No creo que adelantar algo sobre la trama sea un “spoiler”, como se dice ahora en inglés (ya que la traducción española “destripar” que recomienda la RAE es una sandez). No revelaré más de lo que leí en el material de difusión de la productora: el filme se inspira en un hecho real sucedido durante la dictadura militar en una casa de hacienda donde Anita y su tía Lu (Alejandra Lanza) son retenidas por un capitán y su tropa que busca a supuestos guerrilleros y pruebas de la complicidad de la madre de Anita con ellos. Ana detesta a la tía que no ha visto en 25 años porque la culpa de algo que la marcó por el resto de su vida, pero intuimos desde el inicio que se quedará en Tarija más de lo que había planeado, y que la casa donde vivió de niña la atrapará afectivamente, pero no diremos cómo transcurre ese itinerario de reencuentro con el pasado y cómo se produce su propia redención. En toda historia de ficción que se respete, no importa tanto lo que se cuenta sino cómo se cuenta, porque toda historia se complementa en el lector-espectador. Los méritos de la película de Carina Oroza están precisamente en esa manera de contar lo que comenzó como un testimonio familiar.
La casa-hacienda donde se filmó el largometraje es un espacio bucólico que lo mismo sirve para recrear el miedo y la violencia de la dictadura, que los momentos de armonía familiar. Es un espacio ideal para que se desarrollen las relaciones entre las mujeres protagonistas, una casa con frutales y viñedos que se extienden hacia el rio, un río que se ha secado (como ha sucedido en la realidad con tantos ríos en Bolivia), una metáfora del país que se deteriora gradualmente en su naturaleza y en sus valores. La estructura de montaje temporal en paralelo funciona de manera eficiente. Hay dos artífices para que ello ocurra: el editor de imagen y sonido, coproductor y codirector Ramiro Fierro, y el director de fotografía Ernesto Fernández Tellería.
Otra fortaleza es la dirección de actores, en la que Cristian Mercado parece haber aportado más que en su propio personaje de macho acomplejado sin matices: Ana en sus dos versiones temporales, niña y adulta (interpretadas respectivamente por Arwen Delaine y Piti Campos, excelentes en la sutileza de sus expresiones), el extraordinario Mondacca (Nicolás, guardián de la memoria y de la ética), Alejandra Lanza (la tía creativa que lleva por dentro la procesión) y Cristian Mercado (el capitán Suárez). Frente a actores tan profesionales, algunas escenas resultan caricaturales por la sobreactuación de actores secundarios que tienden a hacer la parodia teatral de sí mismos. Quizás la idea de la directora era contrastar el humor superficial y la extroversión atribuida a los chapacos, con la densidad de una historia marcada por el dolor en la que progresivamente nos adentramos para quedar atrapados.
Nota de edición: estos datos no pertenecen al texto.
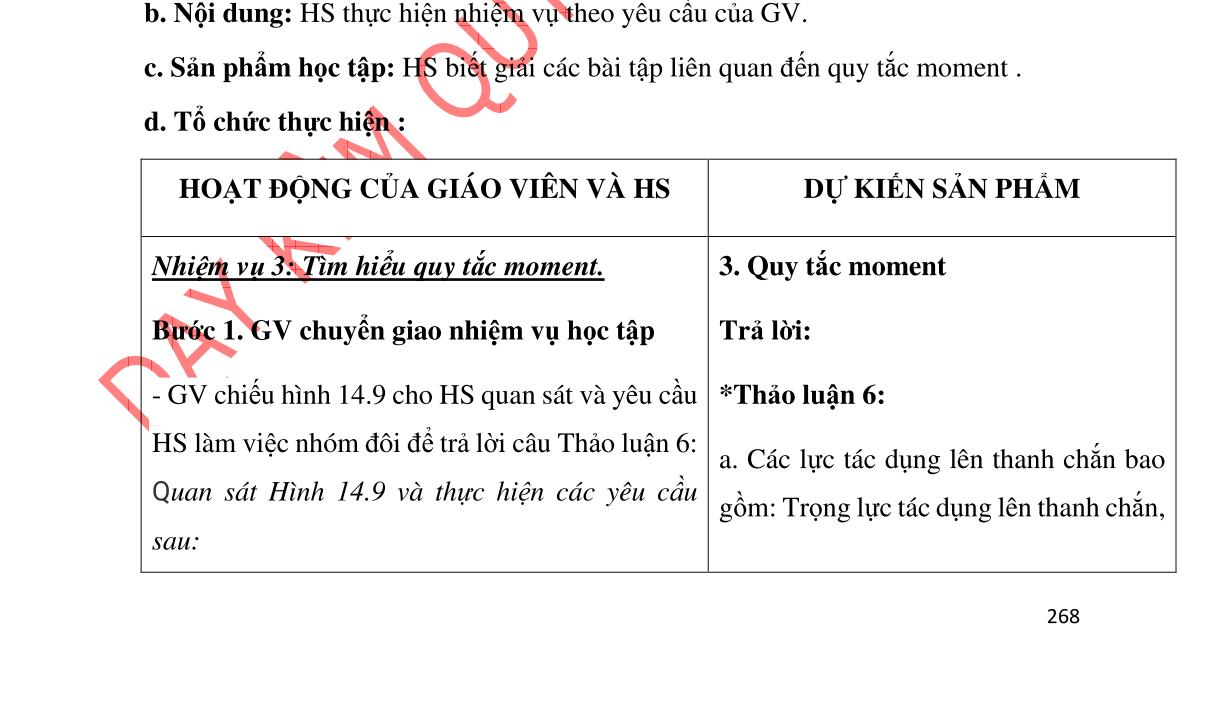d. Tổ chức thực hiện: Bước 1. GV chuyển giao nhiệm vụ học tập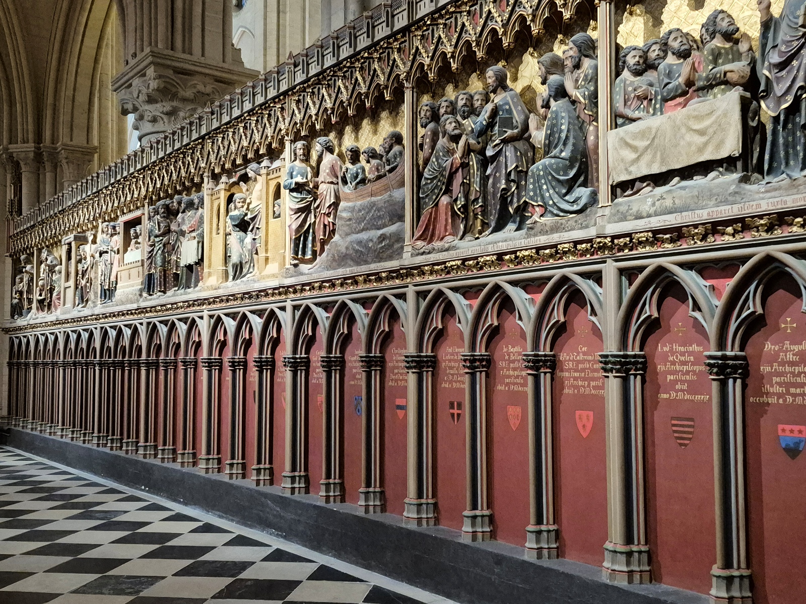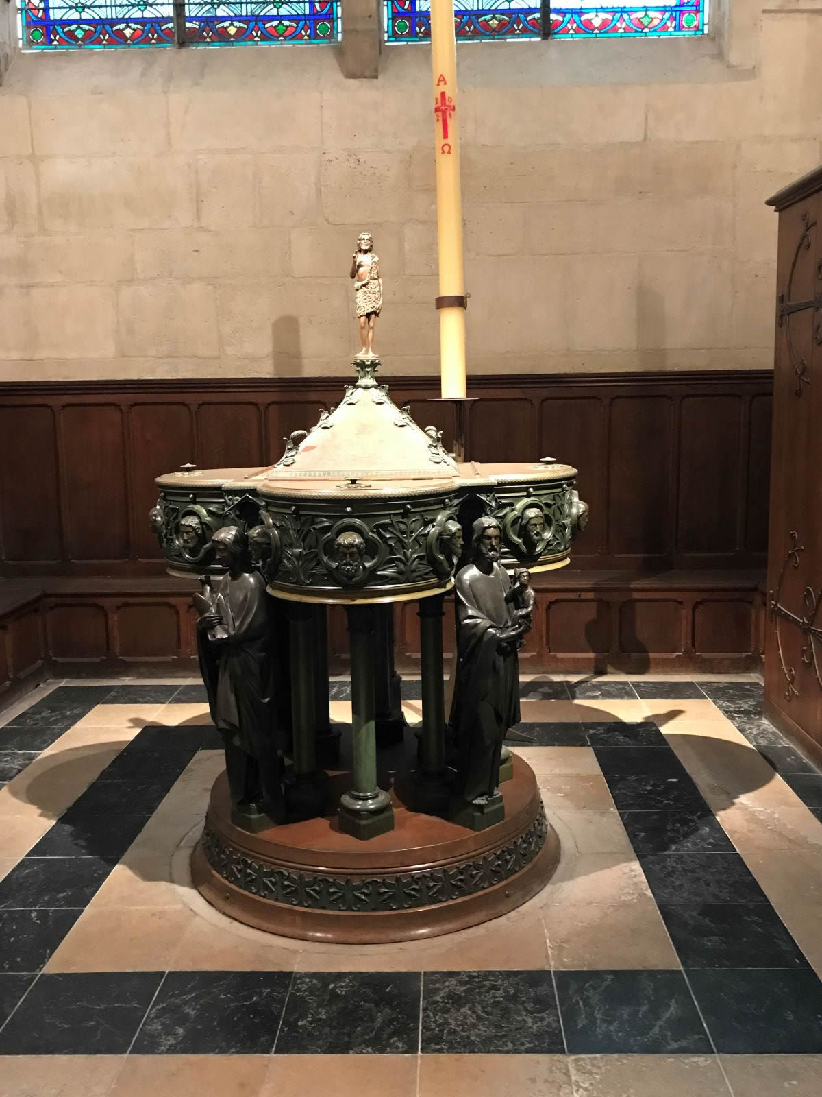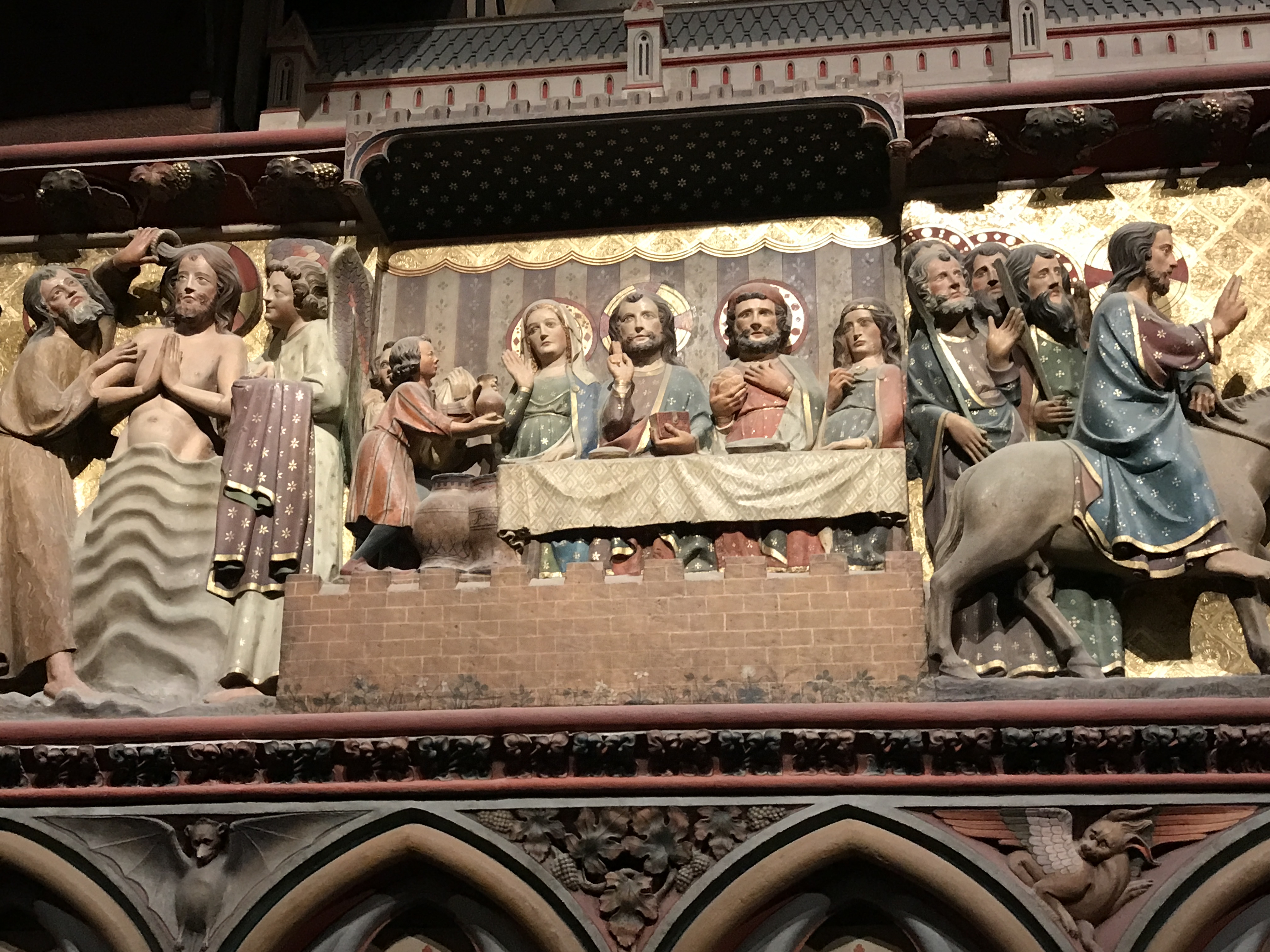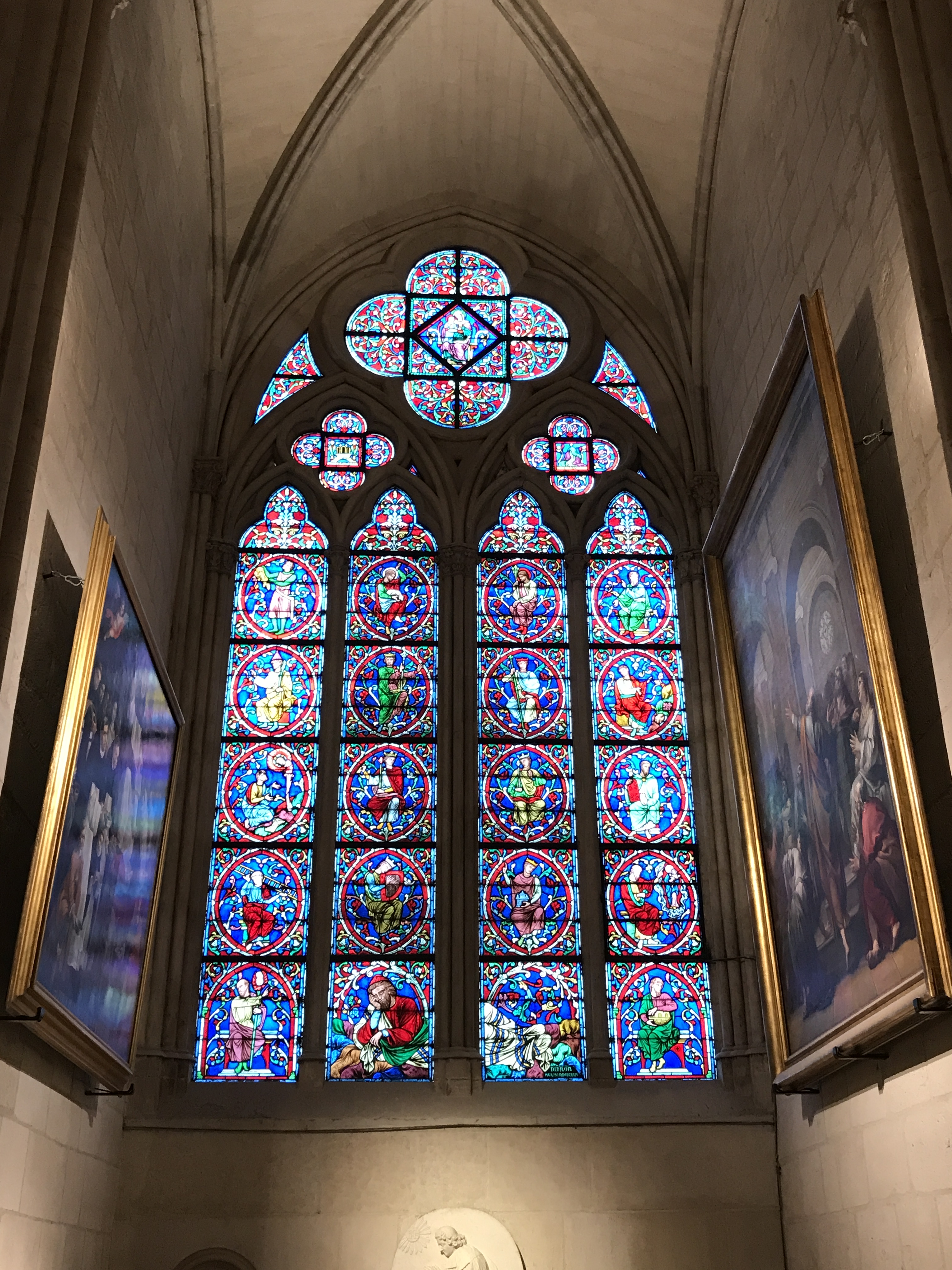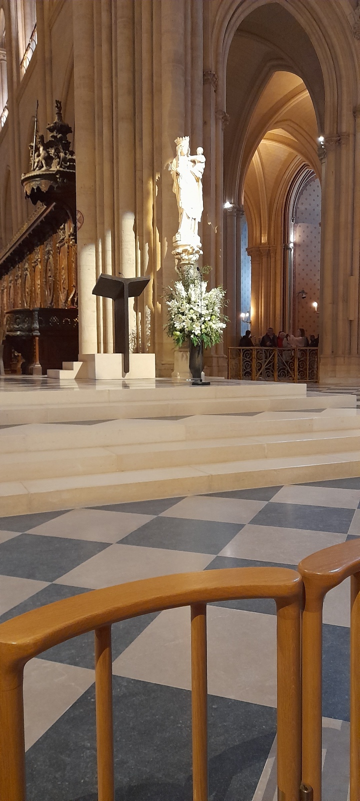 En fin d’après-midi, toujours à Notre-Dame, chacun a pu visiter, seul et à sa façon, l’intérieur de la cathédrale. Mais il y avait tellement de monde que la déambulation n’était pas aisée. Ce qui nous a frappés, c’est bien sûr la luminosité de la nef, le nouveau chœur liturgique … (certains aiment, d’autres moins ….), et les vitraux dont les grandes rosaces donnant sur les transepts. Contrairement à Chartres, à la cathédrale de Paris, 44% seulement des vitraux sont d’origine. Chacun a pu aussi déchiffrer le tour extérieur de l’arrière-chœur, qui comme à Chartres est une frise sculptée, en bois polychrome qui retrace les scènes de la vie du Christ. Voir sur le site de la cathédrale de Paris

La casa del sur es la casa simbólica en la que nos ha tocado vivir a todos los que hemos pasado por dictaduras y gobierno autoritarios. Resuena en lo más profundo de quienes han (hemos) sido víctimas de la persecución y del exilio, pero además interpela a las nuevas generaciones que han vivido otro tipo de autoritarismo: la autocracia del MAS que ha dinamitado los valores de la ética y moral de la misma manera que las dictaduras destruyeron los cimientos de la sociedad democrática. En ese sentido la película de Carina Oroza es muy actual, porque su recuperación del pasado engarza perfectamente con un presente sombrío y poco esperanzador.